We like to convert models trained with TAO and save them as tensorrt engine files.
These saved .engine files will be used with trition server docker containers for inferencing (on the same host machine on which the models were built - same GPU). We would upgrade triton docker base image as new images are released, but we would like to use already converted modes (.engine files) with the new versions of docker images whenever its possible. Therefore, we would like to know which specific changes in model build environment vs inference environment are acceptable and which would result in mismatch issues.

TensorRT documentation(Python API> building an engine and saving .engine file) states following:

Serialized engines are not portable across platforms or TensorRT versions. 
Engines are specific to the exact GPU model they were built on (in addition to the platform and the TensorRT version).

We would like to know:

  • what is referred as platform here ? (what constitutes it, does it include changes in CUDA version, CuDNN version etc)
  • TensorRT versions - does is have to match exact versions (build vs inference environment) or only need to match major/ major-minor versions?

Hi,
Can you try running your model with trtexec command, and share the “”–verbose"" log in case if the issue persist

You can refer below link for all the supported operators list, in case any operator is not supported you need to create a custom plugin to support that operation

Also, request you to share your model and script if not shared already so that we can help you better.

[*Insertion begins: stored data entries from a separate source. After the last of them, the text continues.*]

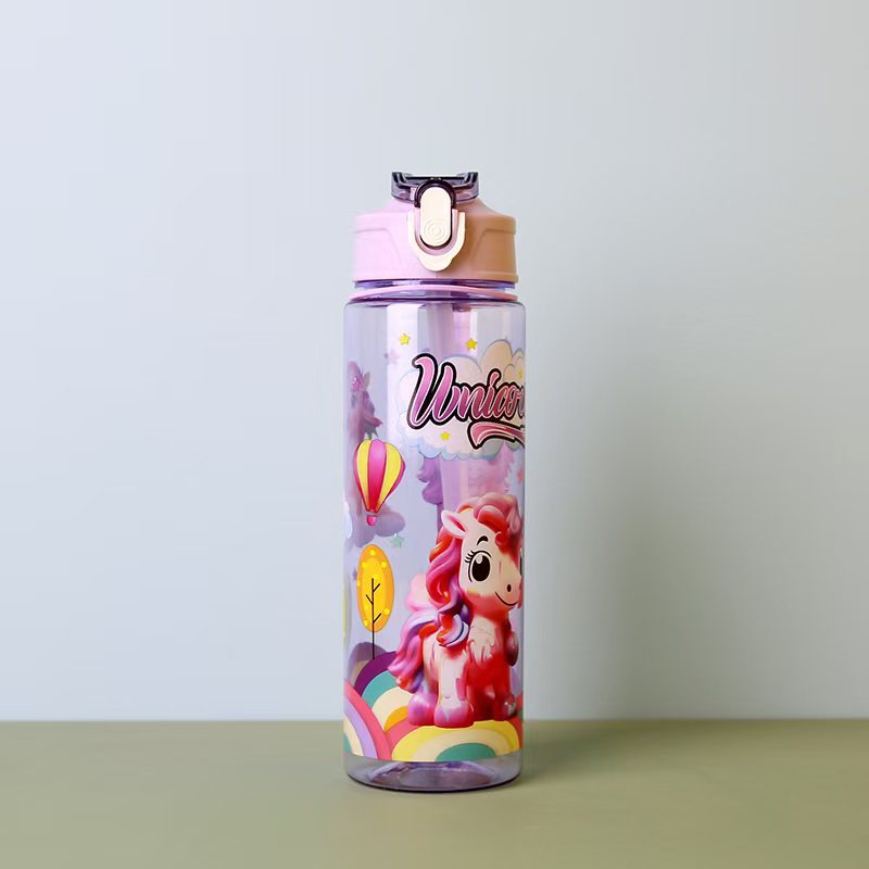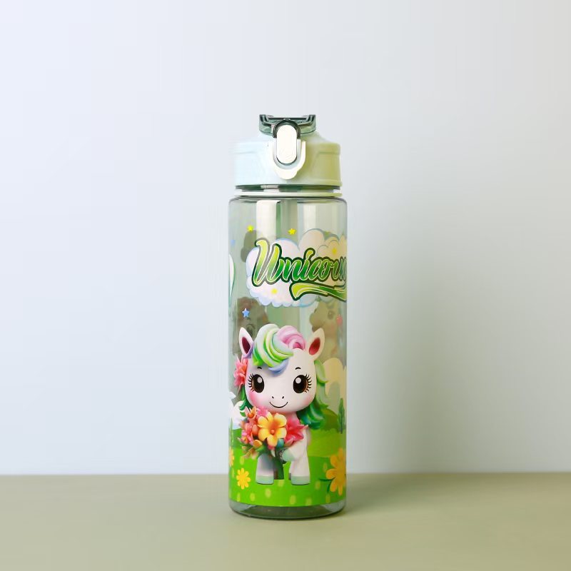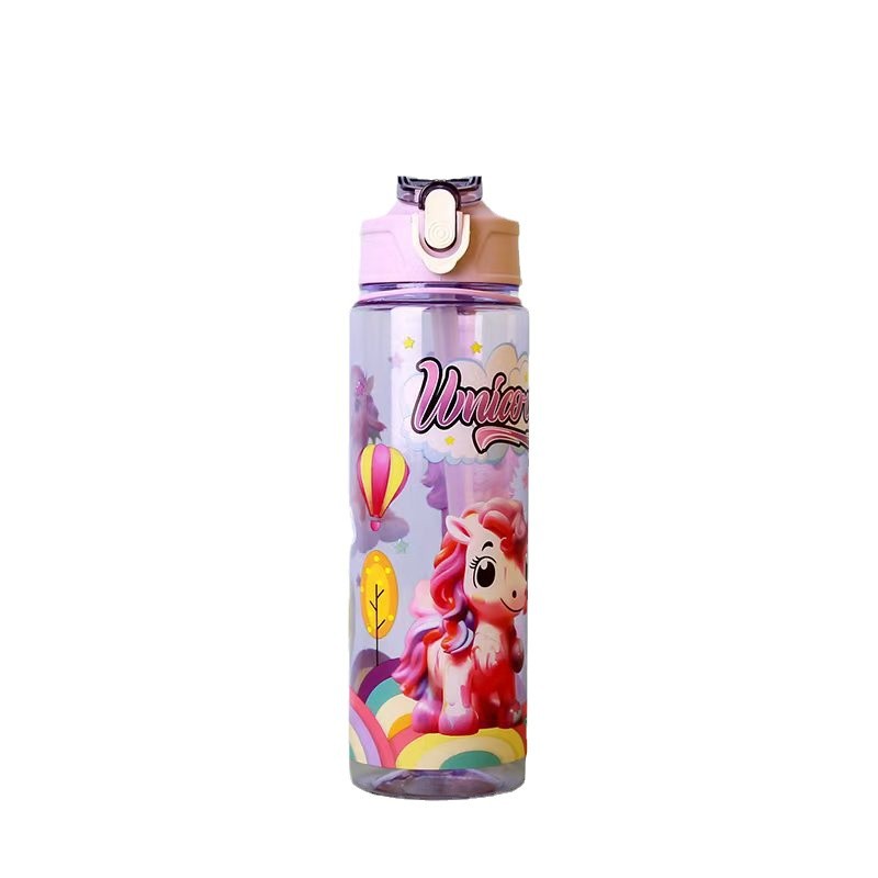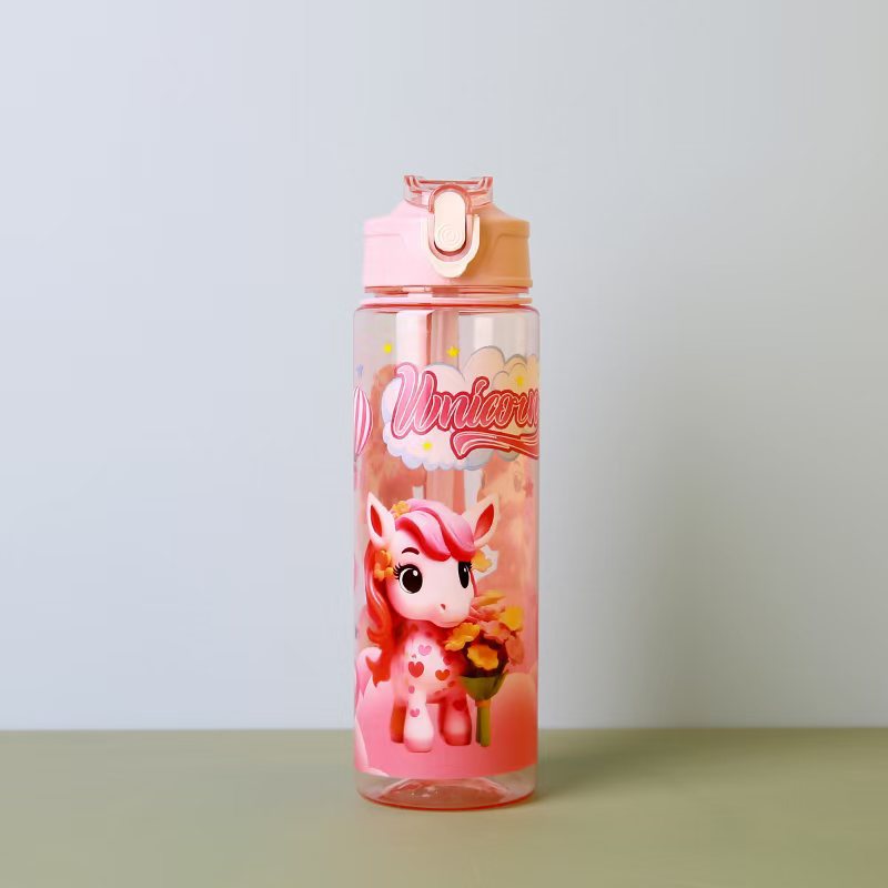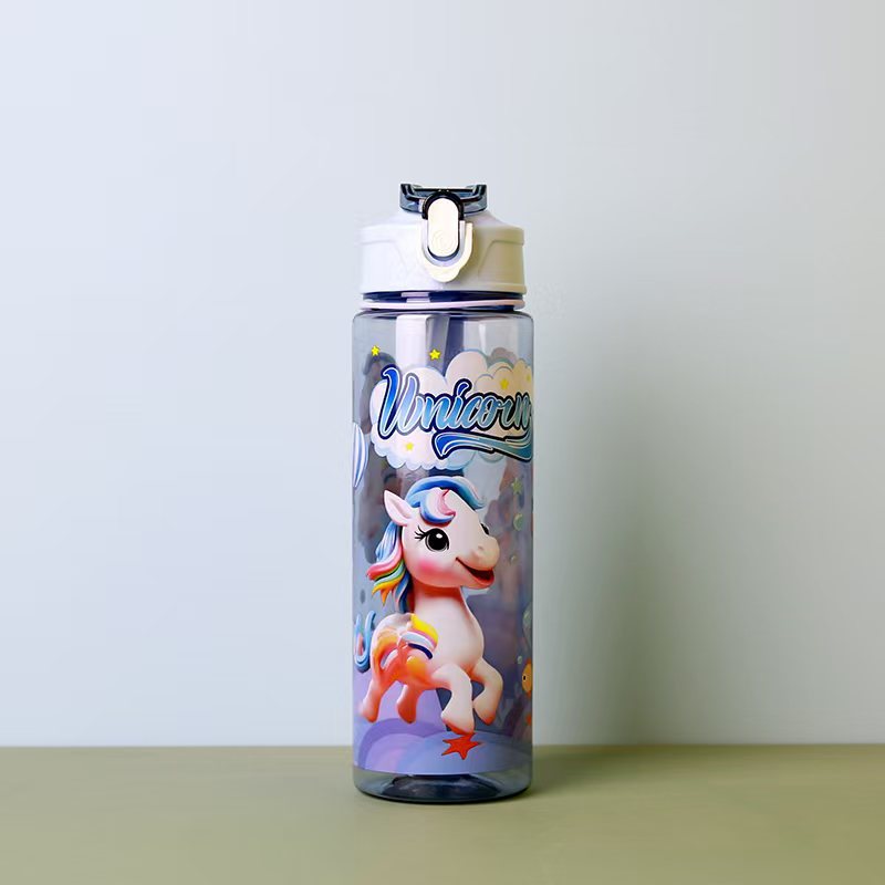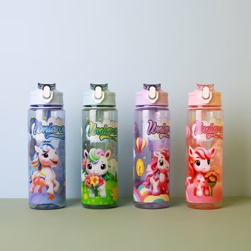 新款独角兽儿童卡通水杯 透明提绳便携太空杯跨境电商卡通塑料杯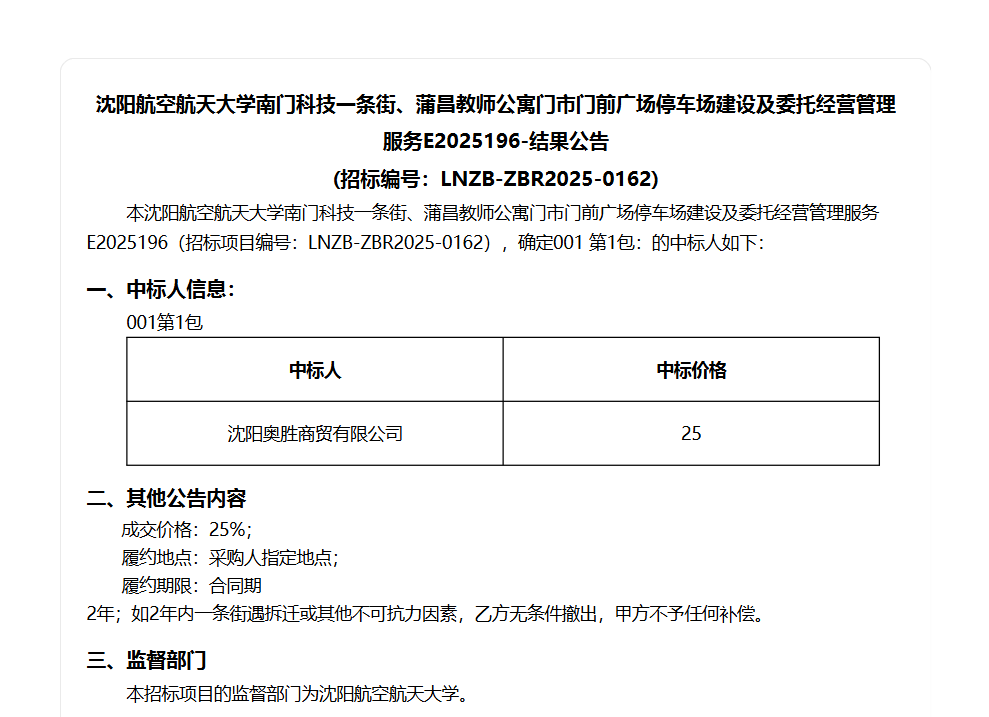 沈航南门科技一条街、蒲昌教师公寓门市门前广场停车场建设及委托经营管理服务项目结果公告(SHWTJTE2025043)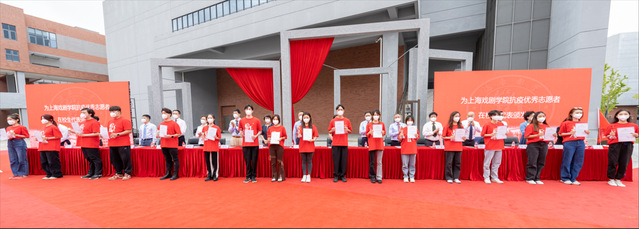在校的抗疫优秀志愿者代表上台领取了证书。同时。大屏幕上还出现了由教师、干部、工勤人员组成的校园核酸检测志愿者名单,以此向志愿者们的辛勤付出致敬。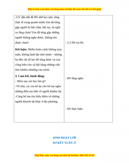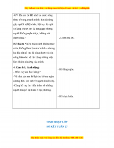 người khuyết tật khác ở địa phương. - HS thực hiện. SINH HOẠT LỚP SƠ KẾT TUẦN 27
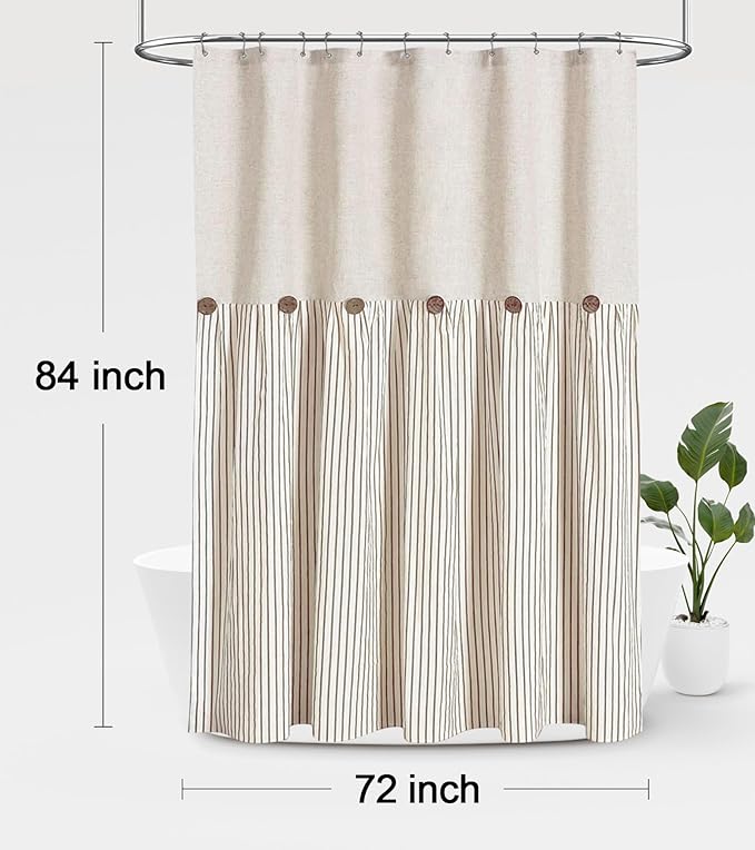 Awellife Farmhouse Beige Shower Curtain Button Linen Textured Woven Fabric,Pleated Beige Stripe,Country Style,72" W x 84" L

Meanwhile, for some common errors and queries please refer to below link:
https://docs.nvidia.com/deeplearning/tensorrt/developer-guide/#error-messaging
https://docs.nvidia.com/deeplearning/tensorrt/developer-guide/#faq

Thanks!

thanks for the quick reply.

I think you have misunderstood my question. I am not facing an issue at the moment. What I have described above is a question about definitions for some facts given under TensorRT documentation. And it would be great to clarify the definitions so that we can add some validation checks to my code to see if the converted engines are compatible with inference environment.

TensorRT documentation(Python API> building an engine and saving .engine file) states following:

Serialized engines are not portable across platforms or TensorRT versions. 
Engines are specific to the exact GPU model they were built on (in addition to the platform and the TensorRT version).

We would like to know:

  • what is referred as platform here ? (what constitutes it, does it include changes in CUDA version, CuDNN version etc)
  • TensorRT versions - does is have to match exact versions (build vs inference environment) or only need to match major/ major-minor versions?

Thanks alot

Hi,

Sorry for the delayed response.

Platform refers to OS here. However we have to make sure above. Also versions should be exactly same.

Thank you.